Garrison information
- Occupants: Marine Aircraft Group 15

= Royal Thai Air Base Nam Phong =

The Royal Thai Air Base Nam Phong in Nam Phong District, Khon Kaen Province, Thailand was constructed in 1966-1967 during the Vietnam War by Utah Mining Company, originally to support EC-121 aircraft and potentially three tactical aircraft squadrons, but was ultimately completed as a "bare base" to support disbursal and theater force staging. The airfield was used by covert Laotian and Thai Special Operations Forces as part of Project 404 (aka-Palace Dog) and Project Unity from 1969 through 1975. In June 1972 Nam Phong became a concurrent base of operations for United States Marine Corps air operations by Marine Aircraft Group 15, 1st Marine Aircraft Wing.

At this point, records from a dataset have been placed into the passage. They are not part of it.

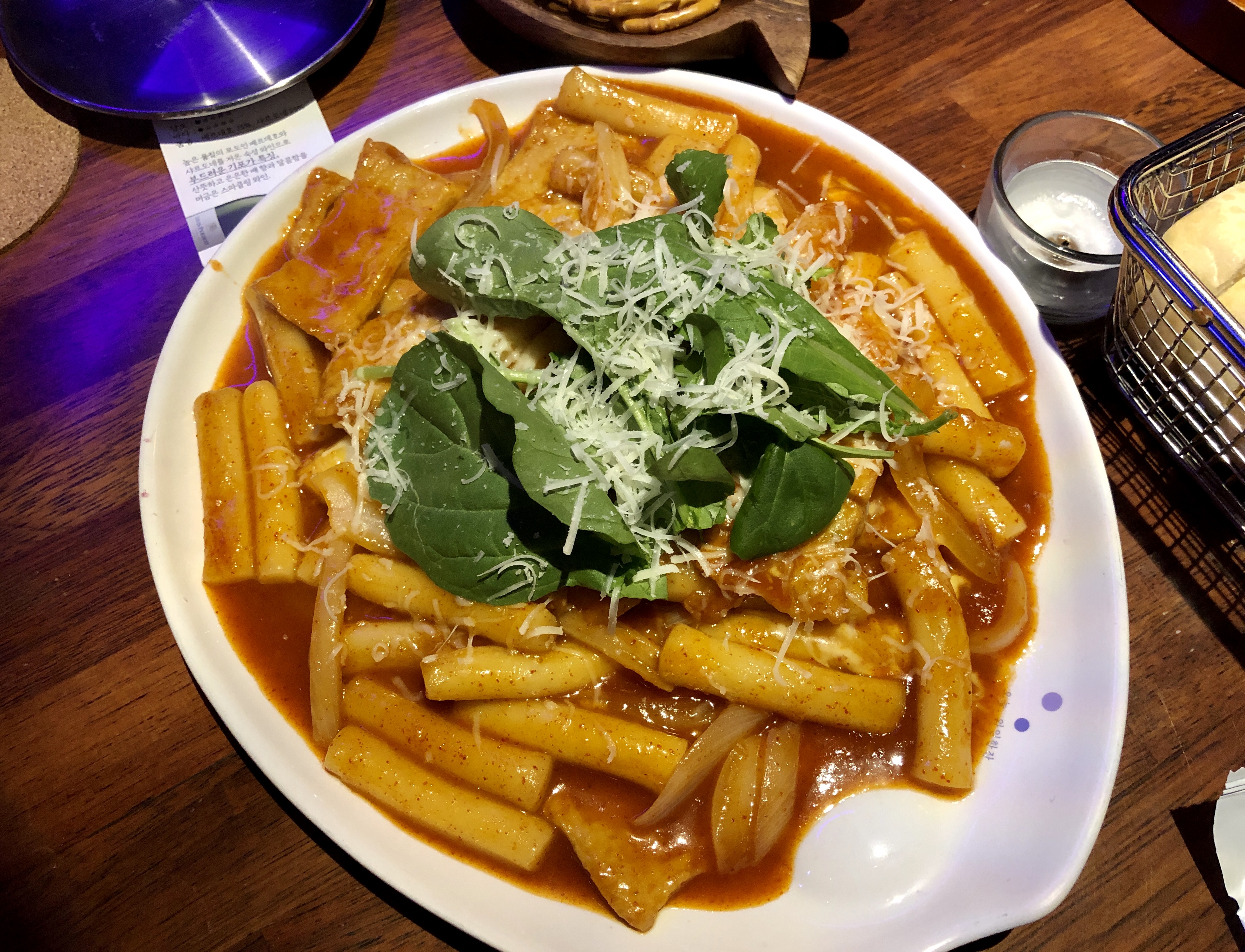 회와 매운탕을 실컷 먹고 왔음에도 감바스와 떡볶이를 다 먹어치웠다.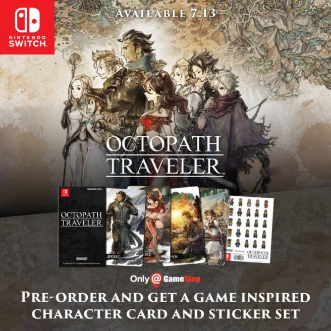 GameStop has revealed a pre-order bonus for Square Enix’s Switch RPG Octopath Traveler. When reserving the game, you’ll receive a game inspired character card and sticker set.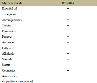 ![]() | Table 3: Mycochemical composition of mycelia of WS218-2 strain of P. cystidiosus. [Click here to view] |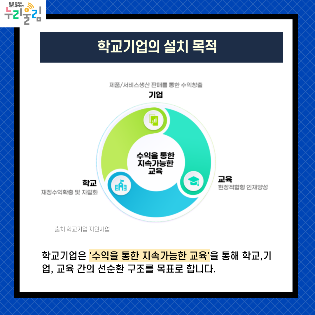 학교기업 지원사업은 학교기업을 통해 학생들에게 체계적 현장실습 기회를 제공하고, 그 과정에서 창출된 수익이 교육에 재투자되는 선순환 체계를 구축할 수 있도록 지원하는 사업입니다.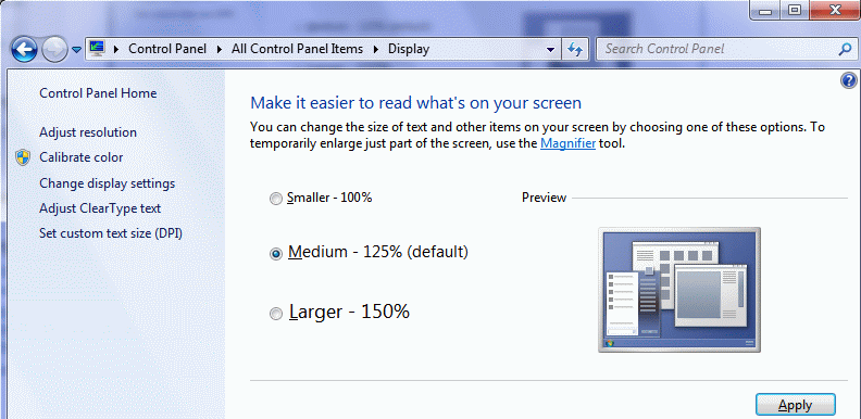 After getting my new Desktop computer with Windows 7 Pro I noticed the large text size of icons on the desktop and it looked like I had a resolution of 1024 x 768 when I had the monitor set to 1280 x 1024! It particularly affected the Library panel in L4. Further, I had run Windows 7 RC on the same monitor without this issue! So I blamed the video driver as I had read that some graphics cards had difficulties with the Direct2D graphics interface of Windows 7 vs the established GDI from XP and earlier Windows versions. But I remembered that I could adjust the DPI (dots per inch) in Windows, and a little Help got me to this:-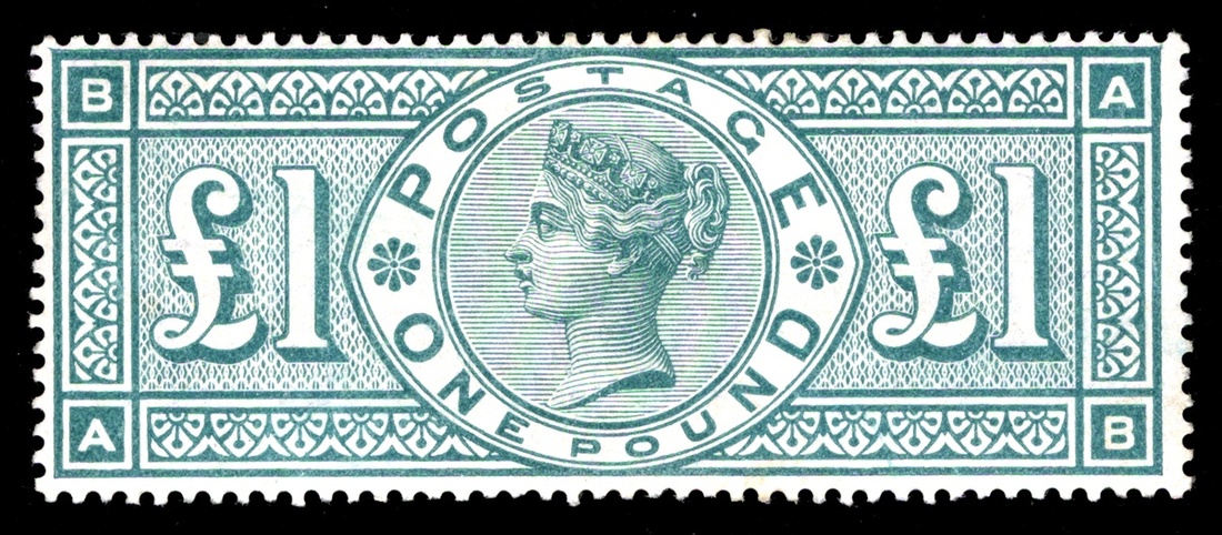 #124, 1891 £1 Green, vivid rich color and crisp impression, o.g., h.r., fine (S.G. #212; £4,000).

Elements of squadrons that had previously been located at Da Nang Air Base, South Vietnam were moved to Nam Phong starting in June 1972 to support air operations to counter the Easter Offensive. The advance party that first arrived landed to find basically an airfield in the middle of the jungle. At that time the base consisted of a runway, parking apron, and a few wooden buildings. A United States Navy Seabee battalion (MCB 5) was soon clearing the jungle and some 10 man tents were hastily erected to sleep and work in. Since the conditions were rugged, the base soon came to be called "The Rose Garden" after the song by Lynn Anderson and the Marine recruiting campaign based on it, saying "We never promised you a rose garden" and depicting a Marine drill instructor addressing a terrified recruit.

The squadrons in residence soon included H&MS-15, MABS-15, VMFA-115 and VMFA-232 with F-4 Phantom IIs, VMA(AW)-533 with A-6 Intruders, VMGR-152 with KC-130 Hercules, and H&MS-36, Det "D" with CH-46 Sea Knights.

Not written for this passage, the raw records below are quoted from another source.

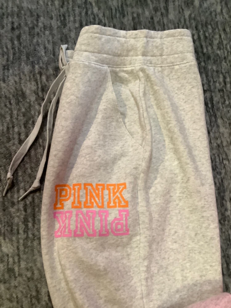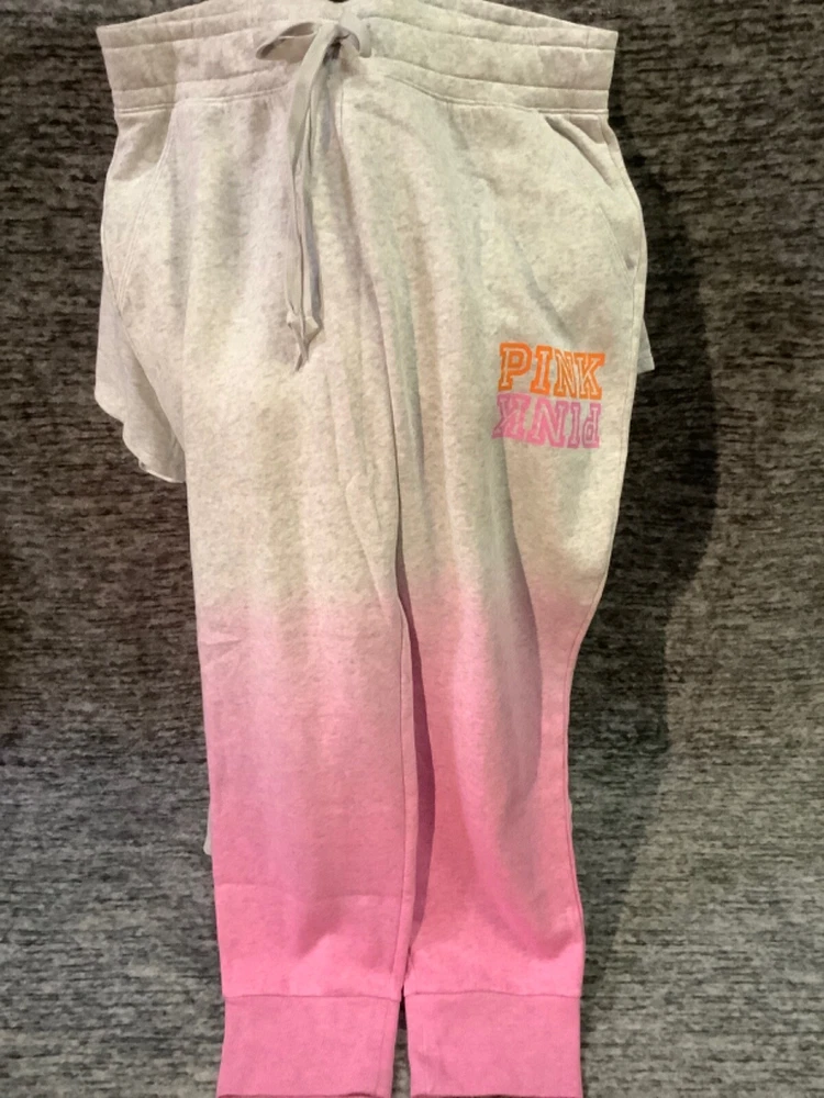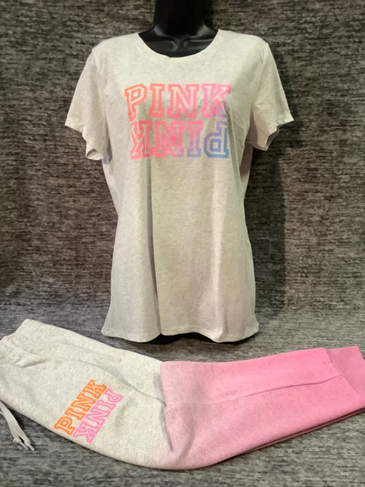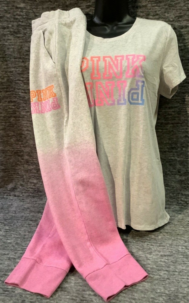 Victoria's Secret Pink Perfect Short Sleeve Tee Shirt and Skinny Jogger Pants Set Color: "Heather Stone Gray" with ombre rainbow PINK logo "Heather Stone Gray" and "Neon Bubblegum" pink ombre dip dye with neon pink and orange PINK logo Color might look little different depending on your screen, computer operating system, etc . BRAND NEW WITH TAGS TEE SHIRT: RELAXED SLIM FIT Armpit to armpit approx. 22" (L) 23" (XL) Shoulder to hem approx. 27.5" (L) 28" (XL) Crew neck Short sleeves Lightweight Imported 60% cotton 40% polyester SKINNY JOGGERS: RELAXED TAPERED SLIM FIT TAPERED FIT - roomier at the top and narrower towards the ankle High waist with adjustable drawstring Front pockets Ribbed banded bottom Full length Approx. 28" inseam Super soft fleece Imported 60% cotton 40% polyester SEE MY OTHER AUCTIONS FOR COORDINATING PIECES AND MORE GREAT DEALS!!! β™₯ If everything is wonderful as expected kindly leave positive feedback...it will automatically be left for you in return!! β™₯ Payment is expected within 2 days after close of the auction. Thank you for looking!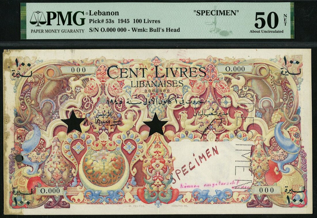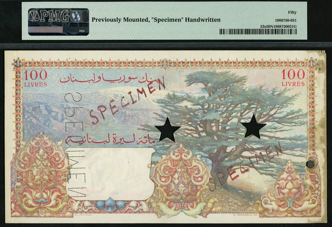 Banque de Syrie et du Liban, Lebanon, specimen 100 livres, 1945, zero serial numbers, red and multicoloured, ornate Arabesque design in field, value at each corner, Busson and Letayf signatures, reverse blue-green and multicoloured, Cedar tree at right, Mount Lebanon at left, value in red top left and right, stars perforated,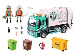 Hay mucho que hacer en la recogida de basura. Hay que vaciar todos los cubos y contenedores de basura del barrio. El conductor del gran camión se acerca con cuidado a los contenedores, su compañero sujeta el cubo de basura lleno en el soporte y abre la tapa. Ahora acciona la palanca y sube. Una vez que llega arriba, el contenedor se voltea y el material reciclable se vacía en la tolva del vehículo, luego el contenedor se vuelve a colocar en la calle. Al final del día va al centro de reciclaje. El set de juego incluye dos figuras PLAYMOBIL, un camión de reciclaje urbano con luces intermitentes y techo desmontable, dos cubos de basura, un contenedor de basura y otros extras. Para vaciar el camión, se desmonta la parte trasera y se pliega el accesorio del vehículo.

These were soon joined by 3rd Battalion 9th Marines. who served as the security element. Marine Air Traffic Control Unit 62 (MATCU 62) handled the airport traffic control operations, including the airport tower and GCA radar (Ground Controlled Approach). The military occupying "The Rose Garden" was designated Task Force Delta. The base included Marines, Navy medical and construction staff, some airmen (mostly cargo handers), and a six-man United States Army detachment from the 11th Signal Brigade (United States), which provided specialized communications security to the command from June to December 1972. There were also Thai military elements. The Rose Garden was active until September 1973, when all US military units returned to their home bases.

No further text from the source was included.